Please run ./gate.sh (ansible-lint + pre-commit inside the shiftstack-client container) - no CI checks are configured on GitHub PRs. yamllint passes locally, but ansible-lint needs the container.
| - post | ||
| - verification | ||
| - day2ops | ||
| - cpms_test |
There was a problem hiding this comment.
Is cpms_test needed here? This is a Jenkins job definition — the Zuul integration job uses osp_verification.yaml. The e2e-periodic rolls all 3 masters (5h ginkgo timeout) and has been a systemic timeout in Jenkins since 4.18.
There was a problem hiding this comment.
You're right, this is a Jenkins job definition and the e2e-periodic 5h timeout would be problematic here. Removed cpms_test from stages, cpms_replace_attrs from day2ops_procedures, and the cpms_replacements vars. The CPMS tests will only run via the Zuul integration job using osp_verification.yaml.
| - cpms_replacements.sg_name in item.security_groups | json_query('[*].name') | ||
| with_items: "{{ master_after }}" | ||
|
|
||
| rescue: |
There was a problem hiding this comment.
The day2ops wrapper run_procedure.yml already runs must-gather + records failure on rescue. This inner rescue duplicates that. See how moving-etcd-to-ephemeral.yml handles it — no inner rescue, relies on the wrapper. Consider removing this rescue block (keep the always — the restore logic is correct and needed).

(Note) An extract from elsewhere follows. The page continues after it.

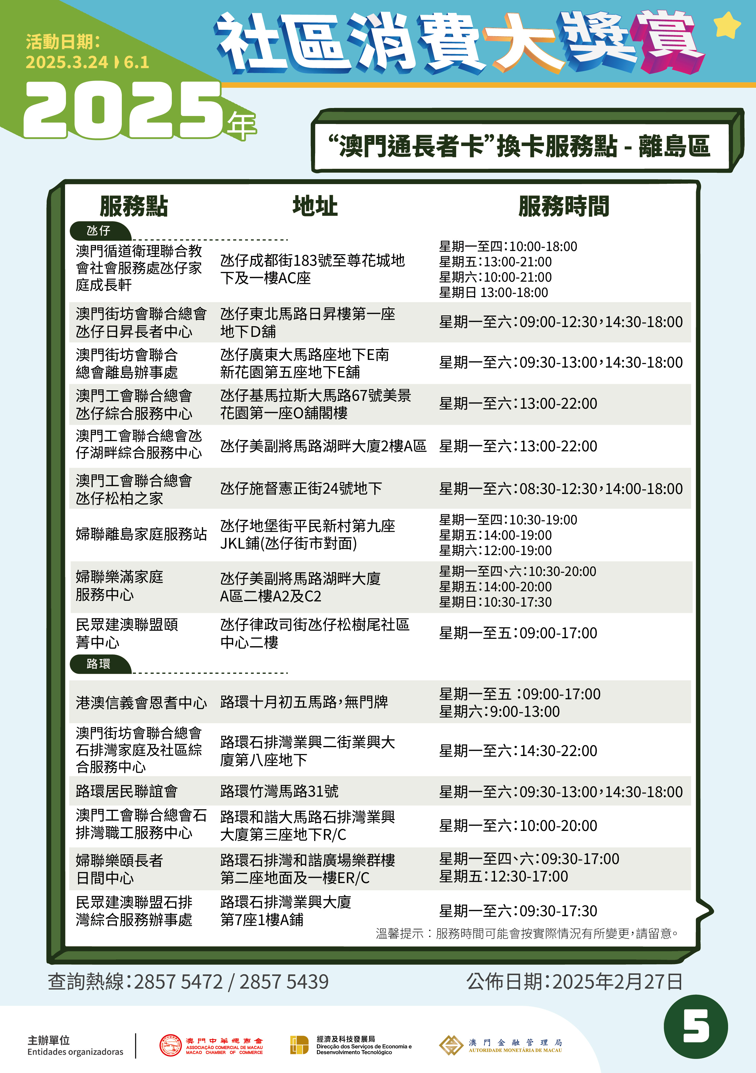 如对“2025年社区消费大奬赏”有任何查询,居民可在办公时间致电查询热线2857 5472或2857 5439。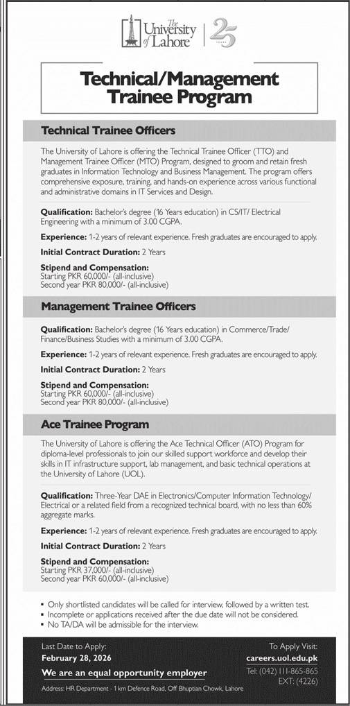 University of Lahore Technical / Management Trainee Program 2026 Apply Online UOL Latest Job Ad shown on this page is taken from Jang Newspaper on 15-02-2026

There was a problem hiding this comment.
Agreed. run_procedure.yml already handles must-gather and failure recording in its rescue block. Removed the inner rescue to follow the same pattern as moving-etcd-to-ephemeral.yml. The always block with the CPMS restore logic is kept since that's procedure-specific cleanup that the wrapper can't handle.
…inner rescue Co-authored-by: Cursor <cursoragent@cursor.com>
…n on test failure
f88cbb5 to
cce04e6
Compare
Summary
cpms_teststage role that runs the upstreamcluster-control-plane-machine-set-operatore2e tests (presubmit + periodic) with branch fallback logic for newer OCP versionscpms_replace_attrsday2ops procedure ported from the openshift-ir-plugin, which validates CPMS reconciliation by patching failure domains, networks, and security groups on control plane nodesocp_testing.yamland enable it inosp_verificationand4.17_ovnkubernetes_ipijob definitionsDetails
The CPMS operator manages the lifecycle of OCP control plane machines. This PR ports the existing Jenkins/IR-based CPMS testing into shiftstack-qa's Ansible automation framework.
New
cpms_teststage role:mainfor versions without a release branch)make e2e-presubmitandmake e2e-periodicwithOPENSHIFT_CI=truefor JUnit outputNew
cpms_replace_attrsday2ops procedure: